Из спальной опять выскакивает маленький сынишка и, также приплясывая, оповещает:

– На нашу Катю, на нашу Катю белые сапоги надели! Катя невеста, совсем невеста!

Второй подзатыльник от отца, более крепкий. Сынишка плачет.

В прихожей звонок, а затем суетня. Гости заглядывают из гостиной в прихожую.

– Шафер… – слышится шепот.

– Ну вот, наконец-то… – говорит отец.

В гостиную влетает молодой человек в мундире почтового ведомства.

– Пожалуйте, пожалуйте… А мы уж ждем… Сейчас вам розан в петличку от невесты будет… – обращается к нему отец невесты.

– Розан потом-с… А я пока на минутку…

Шафер несколько в замешательстве.

– Как? Да вы разве еще без кареты? – слышатся вопросы.

– Карету за невестой жених потом пришлет… Я после за невестой приеду, – отвечает шафер.

– Да когда же, батюшка, после, если невеста почти совсем готова и через полчаса уж в церкви венчание назначено! – возмущается отец невесты.

Смущение шафера усиливается.

– Я к вам, Петр Михайлыч… – произносит он нерешительно, обращаясь к отцу невесты. – Я по делу… Пожалуйте сюда на минутку, на пару слов…

– Что такое? Что такое? – испуганно спрашивает Петр Михайлович и идет с ним в столовую.

– Жених не едет венчаться… – тихо говорит шафер, наклонясь к его уху.

– Т-т-то есть как это? – удивленно спрашивает Петр Михайлович.

– Вы меня простите… Это не от меня… Я тут ни при чем… но… Жених не надевает мундира. «Пока, – говорит, – мне четырех обещанных тысяч не додадут, я и венчаться не поеду…»

– Позвольте… Каких же четырех тысяч?.. Я за невестой даже лишний меховой салоп даю…

Петр Михайлович чувствует, что его ударило в пот.

– О салопе он ничего не говорит, но о четырех тысячах… Одиннадцать тысяч он получил на руки, но четырех ему недодано.

– Да ведь на четыре-то тысячи приданого, одиннадцать да четыре – вот и будет пятнадцать.

– Ничего не знаю-с… Он говорит, что ему пятнадцать тысяч деньгами обещано.

– Что за вздор! Я пятнадцать тысяч с приданым обещал и приданого сделал даже больше, чем на четыре тысячи. Я лишний салоп дал.

– О салопе он ничего не говорил, но насчет рыбного котла упоминал. В приданой описи он показан, а его не прислали. Не прислали и медный куб на плиту. Потом в описи сказано «фарфоровый столовый сервиз», а на самом деле сервиз фаянсовый.

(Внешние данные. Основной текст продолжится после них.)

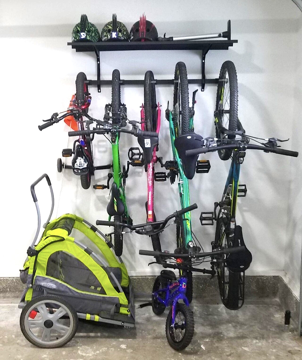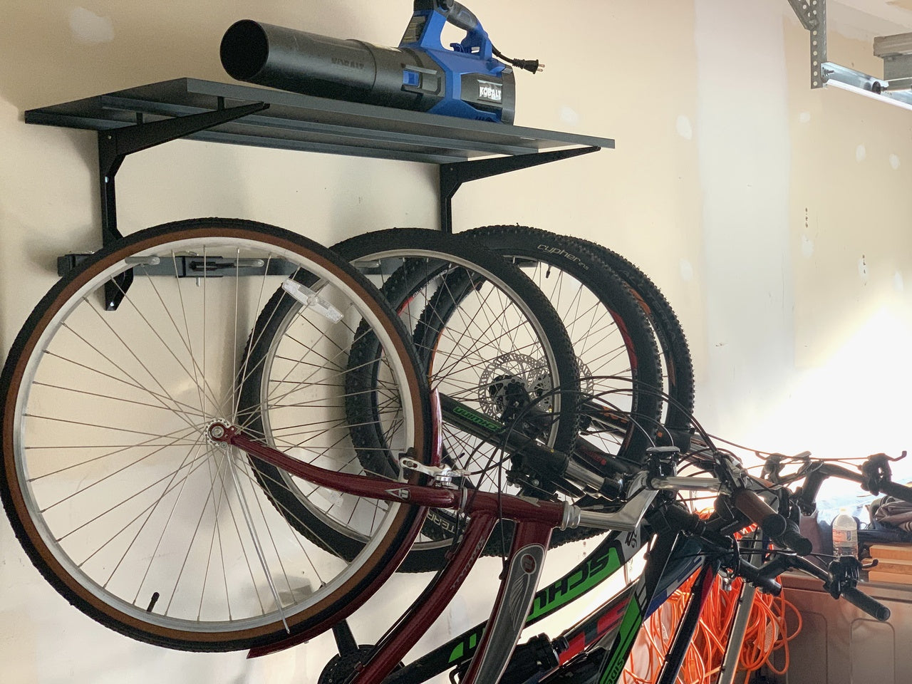Additional storage shelf Need extra storage for bike helmets, shoes, tire pump, tools and more? The heavy-duty storage shelf above the rack holds up to 45kg (evenly distributed) for even more storage space! Use it to store our storage bins, tool bags, bike parts, and more so everything is organized in one place.

– Ну народ! – развел руками Петр Михайлович. – Позвольте… Да что же он раньше-то молчал! Приданое ведь еще третьего дня ему послано.

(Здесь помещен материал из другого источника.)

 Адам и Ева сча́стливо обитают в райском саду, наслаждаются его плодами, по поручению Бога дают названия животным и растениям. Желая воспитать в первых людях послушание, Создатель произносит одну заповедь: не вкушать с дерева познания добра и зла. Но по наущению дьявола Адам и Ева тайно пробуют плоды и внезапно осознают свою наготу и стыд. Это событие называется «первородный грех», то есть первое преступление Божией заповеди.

– Ничего не знаю… Вы меня, Петр Михайлыч, извините, но он прямо говорит: «Мундира, – говорит, – не надену, пока… четыре тысячи…»

– Фу ты, пропасть! Он должен слушать ухом, а не брюхом. Я явственно говорил: пятнадцать тысяч вместе с тряпками. Помилуйте, что же теперь делать? Ведь так не годится…

– Этого уж я не знаю, но он говорит: пятнадцать чистоганом, и не хочет ехать венчаться, – решительно объявляет шафер.

Полное замешательство. Отец невесты бегает по столовой.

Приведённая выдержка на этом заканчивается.